I don’t want to say that tools are perfect. Tools have a lot of limitations, as they are “boxes” after all. They do only what their developers have programmed them to do.

But something I see often in Organizations is rapid fire tool change. I have seen companies have one complaint and seek a solution by adding new tools. MS Teams, Slack, Zoom, GoTo Meeting, BlueJeans, and other collaboration tools are a good examples. I’ve worked at companies that use multiple at the same time because of some minor feature they prefer. And then no one is happy or can find anything. So they complain about the tool.

This is something across all tools. Mac, Windows, Linux? Yep, strong opinions. Jet Brains vs Visual Studio? Yep, opinions on that too! We better keep switching…

Or, there is another way.

Standardize the Tools Link to heading

Tools are created for a purpose. Go to the hammer section of the hardware store and tell me about how many hammers there are. Framing, Ball Pin, 4 lb, Sledge, etc. All have a purpose. No one who is framing wants to be swinging a 4 lb landscaping hammer around. Someone sinking stakes or posts wants to be using a light weight ball pin hammer. So the first thing is to observe and collect requirements for the tool you are hoping to use, and then look at the primary features of the tools you are looking at.

Once you have found a tool, set a minimum time frame for reconsideration – to help you embrace the tool selection, and the give the team time to learn it.

As an SRE, one of the areas we focus on is the reliability of people. When we think about how we make people reliable, one of the key elements is speaking the same language. Standard tools allow us to speak a standard language.

A small example. If you have multiple collaboration tools, email accounts, and a ticketing system – or 2, “I messaged that to you.” Can be a confusing conversation. Or a miss of a breaking change. Tool standardization can limit the breadth of confusing statements like this.

Embrace the box Link to heading

Embrace the tool. Train on it. Learn the shortcuts.

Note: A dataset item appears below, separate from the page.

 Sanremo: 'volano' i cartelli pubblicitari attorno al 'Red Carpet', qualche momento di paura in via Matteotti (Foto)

I felt that this needed its own header, it is so important. Embrace the limitations of the tool and focus on why it was chosen. Teams collaboration spaces differ from Slack Channel? AWESOME! What can the collaboration spaces do? Slack Channels not as robust at collaboration? Great! Focus on the disposable nature of channels.

Tools are limited by their nature, but they are solving the problem they set out to solve. Just in different ways. Almost all of the complaints I have seen are related to people not knowing, embracing, or understanding the solution because it doesn’t work how they assume. Tools are a box…

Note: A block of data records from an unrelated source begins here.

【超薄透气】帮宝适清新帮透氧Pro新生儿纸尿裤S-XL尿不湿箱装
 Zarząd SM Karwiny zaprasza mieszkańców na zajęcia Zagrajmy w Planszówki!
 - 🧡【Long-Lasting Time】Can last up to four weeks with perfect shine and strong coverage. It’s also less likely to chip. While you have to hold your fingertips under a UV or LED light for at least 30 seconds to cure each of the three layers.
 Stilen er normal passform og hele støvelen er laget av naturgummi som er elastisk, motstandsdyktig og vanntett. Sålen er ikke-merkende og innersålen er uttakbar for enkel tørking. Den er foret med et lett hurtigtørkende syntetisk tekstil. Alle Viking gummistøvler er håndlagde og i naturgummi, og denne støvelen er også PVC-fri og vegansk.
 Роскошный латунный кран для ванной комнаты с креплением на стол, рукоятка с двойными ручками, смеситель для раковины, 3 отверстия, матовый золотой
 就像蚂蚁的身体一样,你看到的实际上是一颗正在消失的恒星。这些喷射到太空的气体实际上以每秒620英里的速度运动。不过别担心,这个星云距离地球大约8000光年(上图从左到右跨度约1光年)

And you should embrace that box.

Process is king Link to heading

If you are in a leadership position and find yourself reading this, good job! You are the only one that can fix this.

And the solution is simple: Process creation, refinement, and streamlining is the key here. Choose a tool to start, then codify the process of using this. It can be informal, or formal documentation, but the key is setting expectations. Here are some examples:

  1. Have an issue? Submit a ticket
  2. Need to collaberate? message on teams before visiting someone’s desk.
  3. Send emails.
  4. We check all of our code into branches, and then merge those branches into a stage branch before PR into main

etc etc

But process limits people to use the tools provided rather than an orphanage of applications. Everyone guessing over what is the right tool and no formal ownership or control.

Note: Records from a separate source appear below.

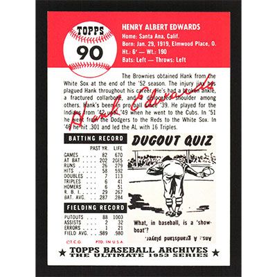This is a 1991 Topps Archives 1953 Hank Edwards baseball card. The card is #90 and pictures show condition.
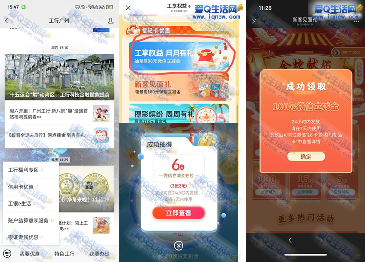 工行广州月月有礼 反馈6+100元微信立减金 ...
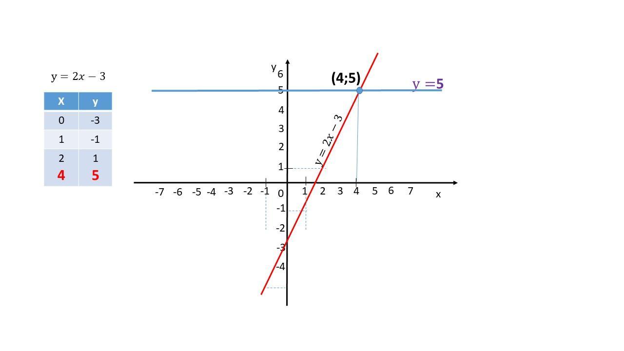 побудуйте в одний системи координат графику функций y=2x-3 та y=5 и знайдить координати точки их перетину
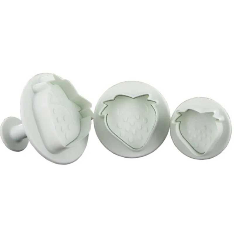 Ensemble de 3 découpoirs éjecteurs en forme de fraises : idéal pour confectionner des jolies fraises en pâte à sucre ou pâte d’amande.
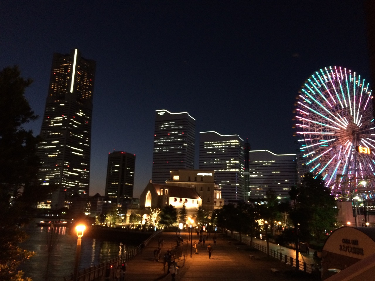 夜はみなとみらいが一望できて とてもキレイです。桜も植えられているので 春は桜を見ながらお散歩できます。
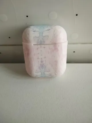 Funda protectora de silicona para AirPods con un diseño único y llamativo. - Estampado tipo mármol con tonos rosados y azules. - Material resistente para proteger tus auriculares.
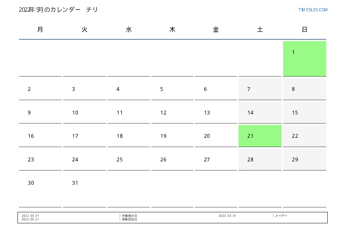 5月には31日が含まれます。 これは2022年の5か月です。一年の季節:春。 5月は日曜日に始まり、火曜日に終わります。 2022年5月、チリで3 休日と休日があります。

Conclusion Link to heading

I thought I would write up a quick post of this because I see this at every place I work. Frustration, and honestly, and overall lack of empathy when it comes to tool selection and usage. There is also a lack of standardization to keep the language the same and people not sure where is best to collaborate.

And there is also a lack of accountability when it comes to tool expertise, and a lack of expectation of expertise.